Skipping all images, output the listing word for word.
** Opening EXERCISE DATA block **
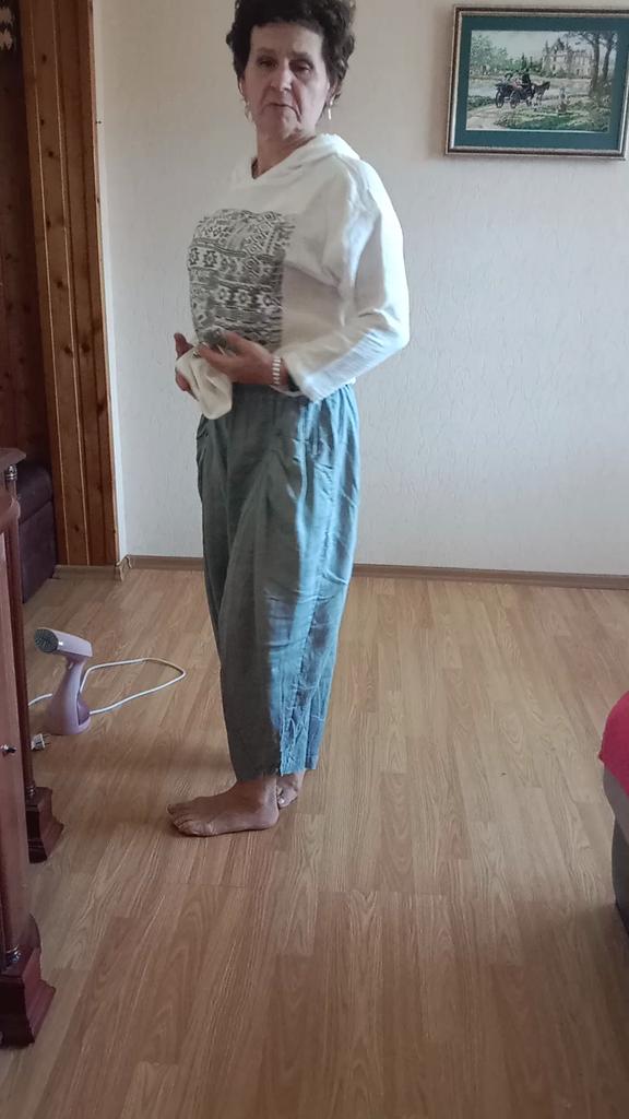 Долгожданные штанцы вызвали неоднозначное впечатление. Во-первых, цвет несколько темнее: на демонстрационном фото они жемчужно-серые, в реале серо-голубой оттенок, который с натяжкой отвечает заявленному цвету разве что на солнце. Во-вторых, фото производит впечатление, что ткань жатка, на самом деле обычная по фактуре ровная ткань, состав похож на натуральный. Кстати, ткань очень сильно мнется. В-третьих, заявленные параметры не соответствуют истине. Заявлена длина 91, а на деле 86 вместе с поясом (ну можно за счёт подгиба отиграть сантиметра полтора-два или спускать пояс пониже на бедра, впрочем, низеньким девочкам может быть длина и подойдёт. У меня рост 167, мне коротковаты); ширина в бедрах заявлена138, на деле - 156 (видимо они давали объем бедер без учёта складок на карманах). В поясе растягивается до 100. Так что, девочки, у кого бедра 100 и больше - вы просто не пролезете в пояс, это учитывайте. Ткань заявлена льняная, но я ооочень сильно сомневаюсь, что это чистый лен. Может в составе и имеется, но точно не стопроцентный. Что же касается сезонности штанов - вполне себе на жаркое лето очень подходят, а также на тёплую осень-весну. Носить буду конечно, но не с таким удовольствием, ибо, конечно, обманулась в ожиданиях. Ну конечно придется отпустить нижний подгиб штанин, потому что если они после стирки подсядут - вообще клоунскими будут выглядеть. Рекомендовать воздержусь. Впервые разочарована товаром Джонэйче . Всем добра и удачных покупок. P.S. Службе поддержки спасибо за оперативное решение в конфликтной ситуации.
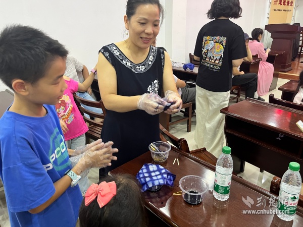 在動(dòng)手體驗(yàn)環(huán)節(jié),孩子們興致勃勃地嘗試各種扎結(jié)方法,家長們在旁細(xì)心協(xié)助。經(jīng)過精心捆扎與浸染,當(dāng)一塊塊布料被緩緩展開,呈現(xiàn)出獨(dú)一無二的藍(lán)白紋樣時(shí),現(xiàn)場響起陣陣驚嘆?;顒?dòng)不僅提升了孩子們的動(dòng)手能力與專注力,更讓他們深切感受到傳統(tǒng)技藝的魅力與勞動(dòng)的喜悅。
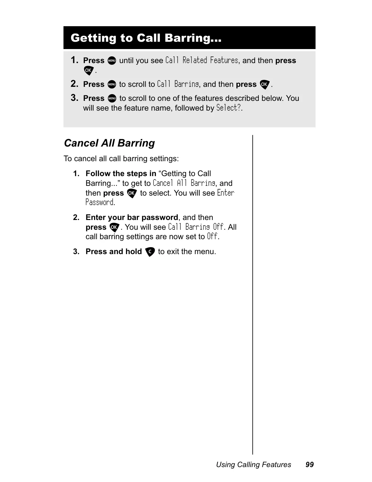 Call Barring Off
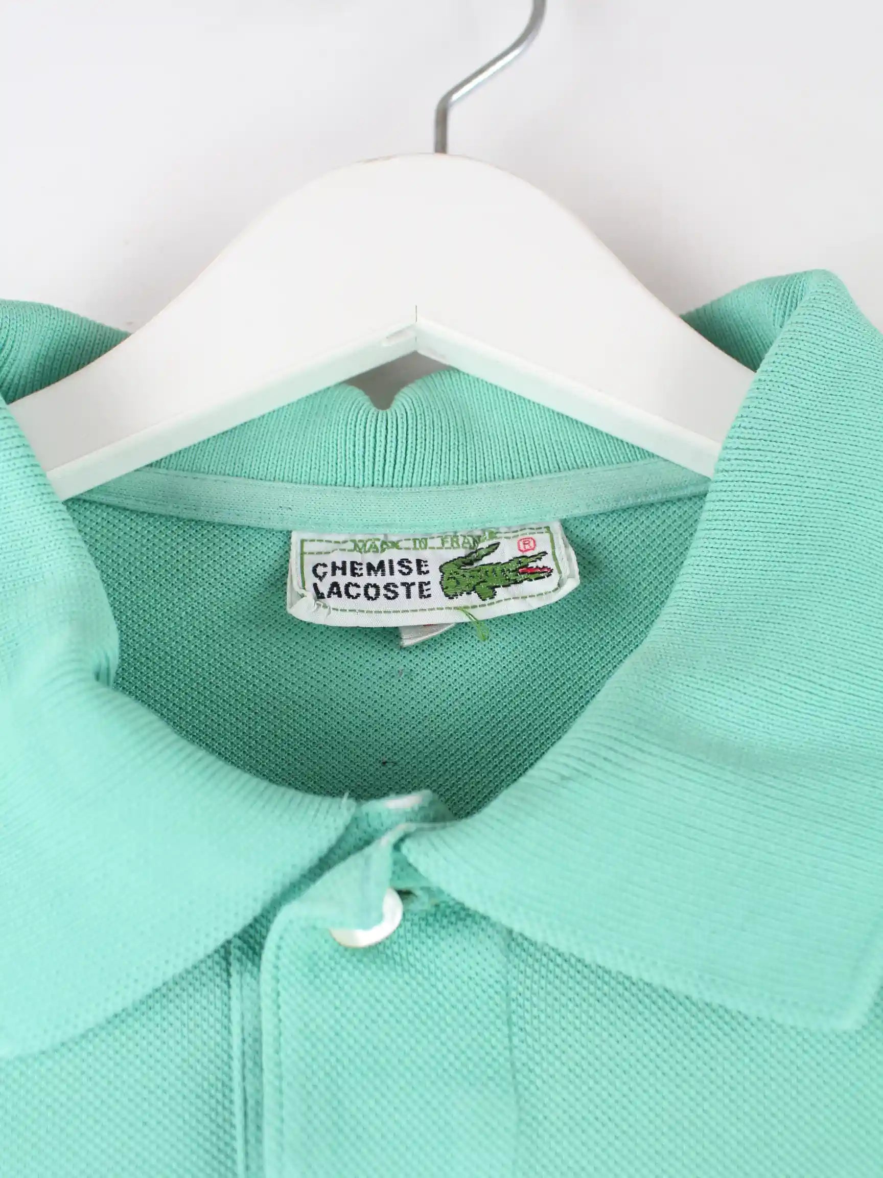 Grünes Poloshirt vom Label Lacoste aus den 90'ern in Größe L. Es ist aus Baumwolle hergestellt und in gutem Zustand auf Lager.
** Closing EXERCISE DATA block **
_THE ANSWER:_
 Долгожданные штанцы вызвали неоднозначное впечатление. Во-первых, цвет несколько темнее: на демонстрационном фото они жемчужно-серые, в реале серо-голубой оттенок, который с натяжкой отвечает заявленному цвету разве что на солнце. Во-вторых, фото производит впечатление, что ткань жатка, на самом деле обычная по фактуре ровная ткань, состав похож на натуральный. Кстати, ткань очень сильно мнется. В-третьих, заявленные параметры не соответствуют истине. Заявлена длина 91, а на деле 86 вместе с поясом (ну можно за счёт подгиба отиграть сантиметра полтора-два или спускать пояс пониже на бедра, впрочем, низеньким девочкам может быть длина и подойдёт. У меня рост 167, мне коротковаты); ширина в бедрах заявлена138, на деле - 156 (видимо они давали объем бедер без учёта складок на карманах). В поясе растягивается до 100. Так что, девочки, у кого бедра 100 и больше - вы просто не пролезете в пояс, это учитывайте. Ткань заявлена льняная, но я ооочень сильно сомневаюсь, что это чистый лен. Может в составе и имеется, но точно не стопроцентный. Что же касается сезонности штанов - вполне себе на жаркое лето очень подходят, а также на тёплую осень-весну. Носить буду конечно, но не с таким удовольствием, ибо, конечно, обманулась в ожиданиях. Ну конечно придется отпустить нижний подгиб штанин, потому что если они после стирки подсядут - вообще клоунскими будут выглядеть. Рекомендовать воздержусь. Впервые разочарована товаром Джонэйче . Всем добра и удачных покупок. P.S. Службе поддержки спасибо за оперативное решение в конфликтной ситуации.
 在動(dòng)手體驗(yàn)環(huán)節(jié),孩子們興致勃勃地嘗試各種扎結(jié)方法,家長們在旁細(xì)心協(xié)助。經(jīng)過精心捆扎與浸染,當(dāng)一塊塊布料被緩緩展開,呈現(xiàn)出獨(dú)一無二的藍(lán)白紋樣時(shí),現(xiàn)場響起陣陣驚嘆?;顒?dòng)不僅提升了孩子們的動(dòng)手能力與專注力,更讓他們深切感受到傳統(tǒng)技藝的魅力與勞動(dòng)的喜悅。
 Call Barring Off
 Grünes Poloshirt vom Label Lacoste aus den 90'ern in Größe L. Es ist aus Baumwolle hergestellt und in gutem Zustand auf Lager.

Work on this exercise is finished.